*RECORDS*
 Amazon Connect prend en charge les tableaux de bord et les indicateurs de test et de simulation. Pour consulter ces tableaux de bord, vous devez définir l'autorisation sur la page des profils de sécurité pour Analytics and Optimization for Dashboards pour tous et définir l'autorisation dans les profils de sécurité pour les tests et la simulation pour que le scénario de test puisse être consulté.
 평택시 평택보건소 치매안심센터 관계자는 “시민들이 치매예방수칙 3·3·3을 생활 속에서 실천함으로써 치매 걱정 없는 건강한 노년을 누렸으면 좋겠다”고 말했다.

---

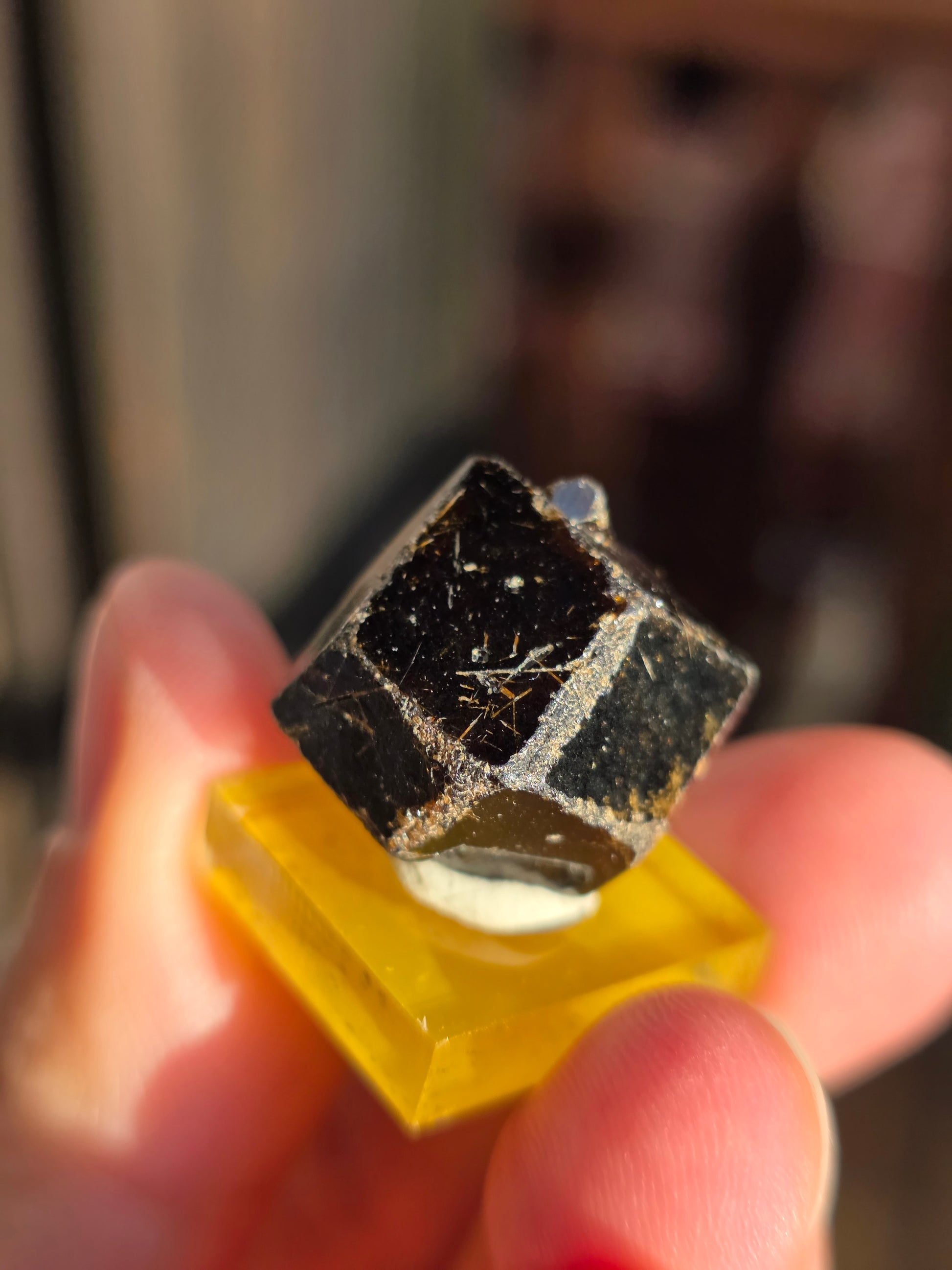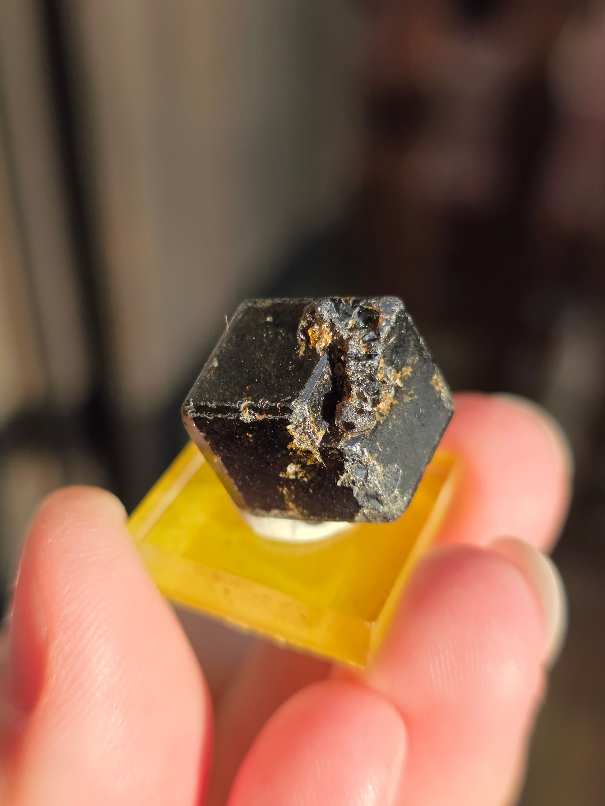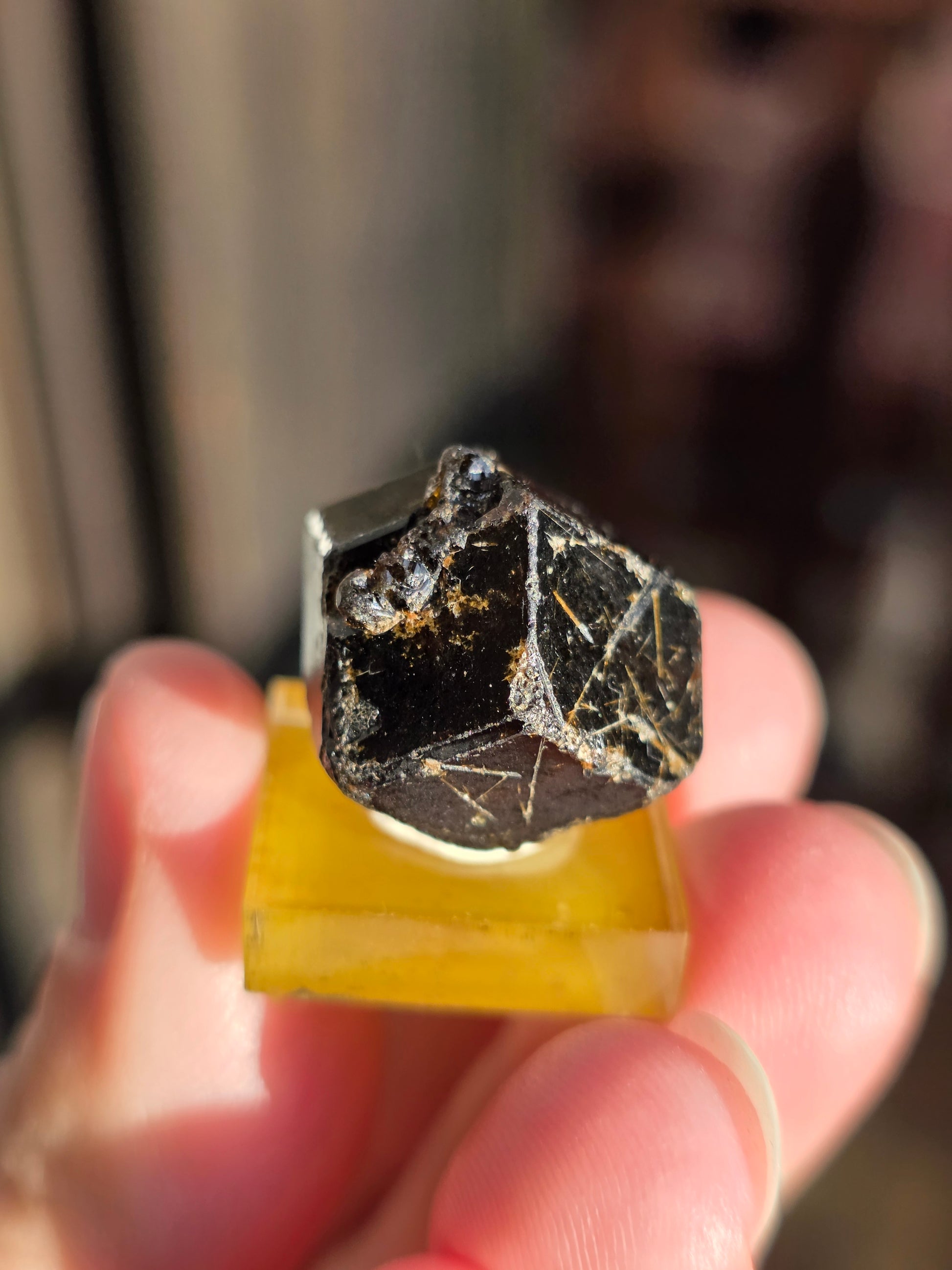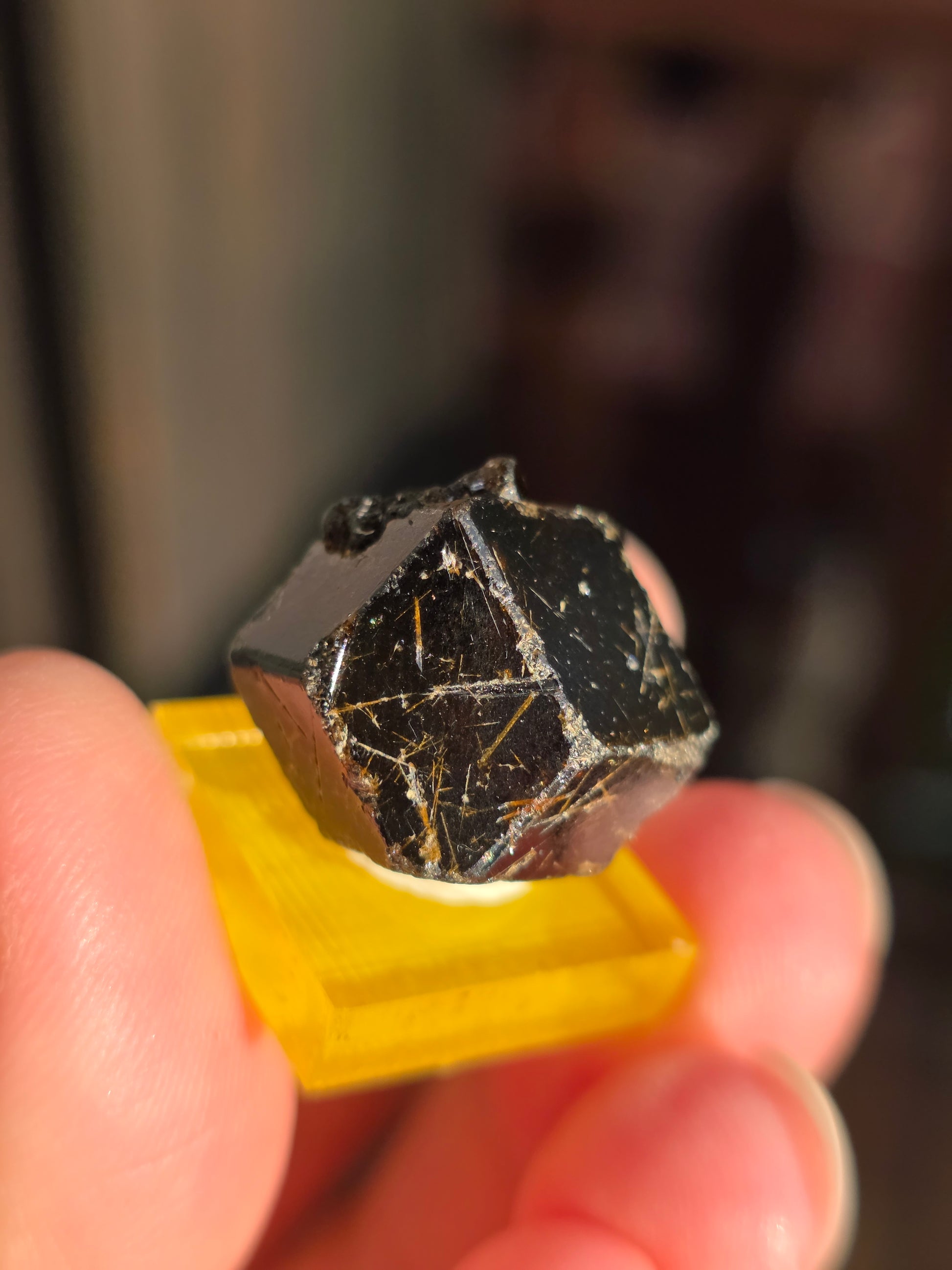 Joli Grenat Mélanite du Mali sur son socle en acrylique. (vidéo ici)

*PROBLEM*
Among the records above, a stretch begins at the line containing "Amazon Connect prend" and ends at the line containing "평택시 평택보건소 치매안심센터". Restate that stretch word for word, and nothing else.

*SOLVED EXERCISE*
 Amazon Connect prend en charge les tableaux de bord et les indicateurs de test et de simulation. Pour consulter ces tableaux de bord, vous devez définir l'autorisation sur la page des profils de sécurité pour Analytics and Optimization for Dashboards pour tous et définir l'autorisation dans les profils de sécurité pour les tests et la simulation pour que le scénario de test puisse être consulté.
 평택시 평택보건소 치매안심센터 관계자는 “시민들이 치매예방수칙 3·3·3을 생활 속에서 실천함으로써 치매 걱정 없는 건강한 노년을 누렸으면 좋겠다”고 말했다.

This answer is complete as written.